MEPs: The EU must act now to help end one of the biggest human rights issues in the world

PRESS RELEASE from The International Dalit Solidarity Network

Brussels, March 1, 2011 (IDSN) --- MEPs stated that EU action must be taken to help end caste discrimination, affecting 260 million people worldwide. The statements came during a hearing on caste discrimination in South Asia, at the European Parliament Monday afternoon. This was also the message delivered by Dalit rights advocators at the hearing, who informed MEPs that concerted action to combat caste discrimination through EU development work, trade agreements and political dialogues, must be taken if development goals in caste-affected countries including India, Bangladesh, Pakistan and Nepal, are to be achieved and human rights respected.

Co-chair, MEP Mr Nirj Deva, opened the session with an explanation of what the consequences of caste discrimination are. As he read through the list of segregation, rape, murder, modern slavery, cleaning human excrements by hand, discrimination in access to basic services, education, health, he suddenly stopped himself and said that he could not read any more because it was simply too disgusting. He did not accept caste as a cultural or social value that should not be interfered in.

“I’m sure that everyone in this room will agree that if someone had cooked up the theory that we had to have slavery because the slaves are paying for sins in their previous life, that would not have washed.
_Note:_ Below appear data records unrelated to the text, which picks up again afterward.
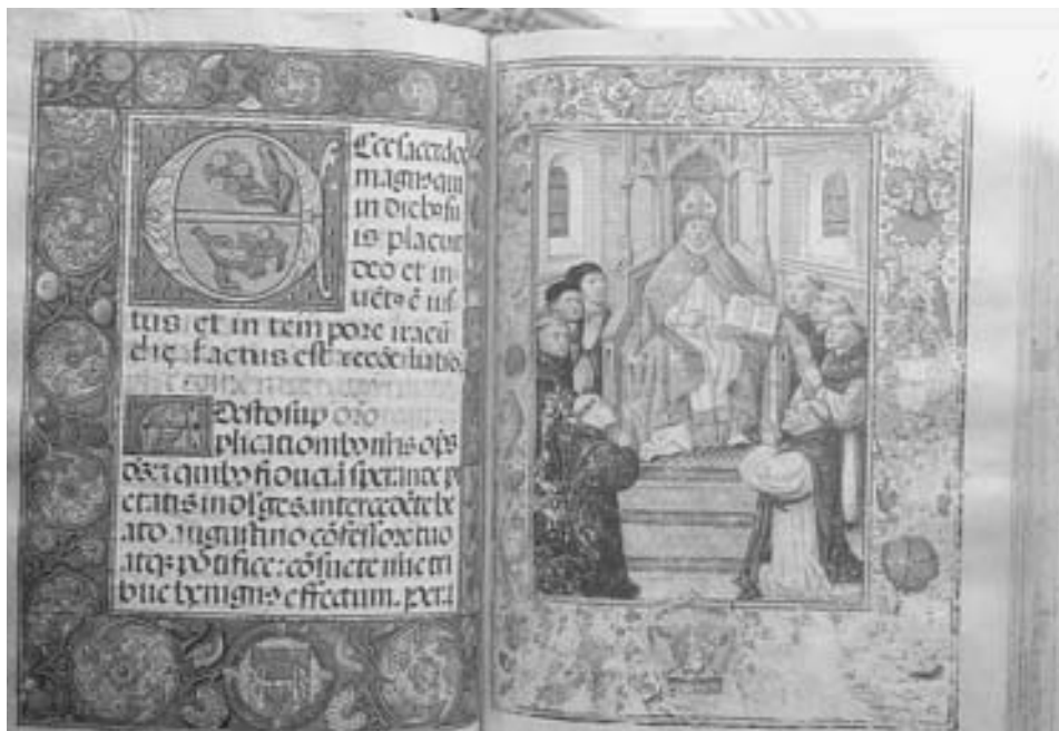
FIG. 9. San Agustín , fols. 121 vto. y 122 recto.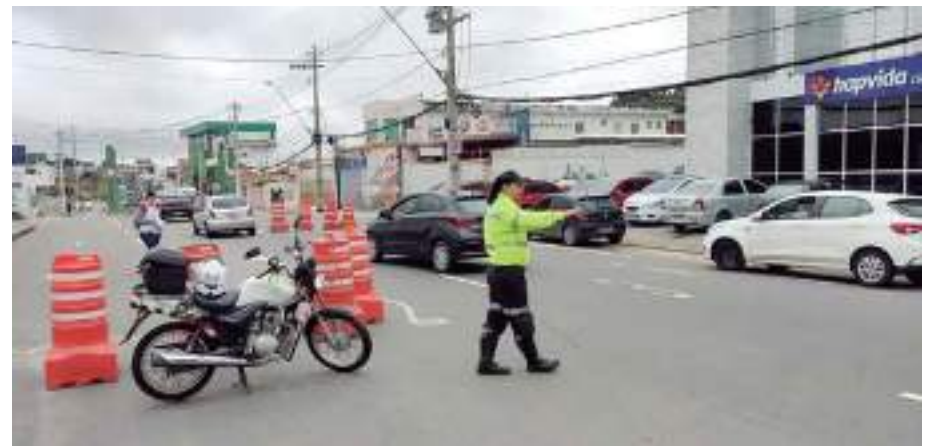
Interdição acontece para retirada das colunas de concreto

Por segurança viária, as duas estruturas foram retiradas para manutenção em fevereiro deste ano. O IMMU montou uma operação permanente 24 horas no local, restringindo a passagem de carretas ou veículos de grande porte para garantir a segurança de condutores e pedestres.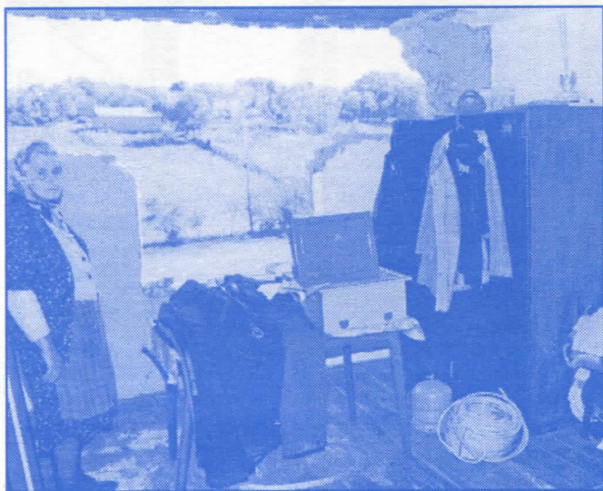
Препуштени сами себи, можда локална власт сматра да то „тако треба“

The same applies to caste discrimination and we have to do something in cooperation with South Asian countries to stop this,” Mr Deva commented.

Coordinator of the International Dalit Solidarity Network, Ms Rikke Nöhrlind called for a specific EU-wide policy to address caste discrimination, stating that, “It is experienced far too often that without a policy and special measures, caste discrimination ‘falls off the agenda’, whether in human rights dialogues, in country strategy and development programming.”

Dalit Human Rights Defender, Manjula Pradeep, from India told MEPs how Dalits (formerly known as’ untouchables’) suffer from severe human rights violations and live in segregation and fear of violence and abuse.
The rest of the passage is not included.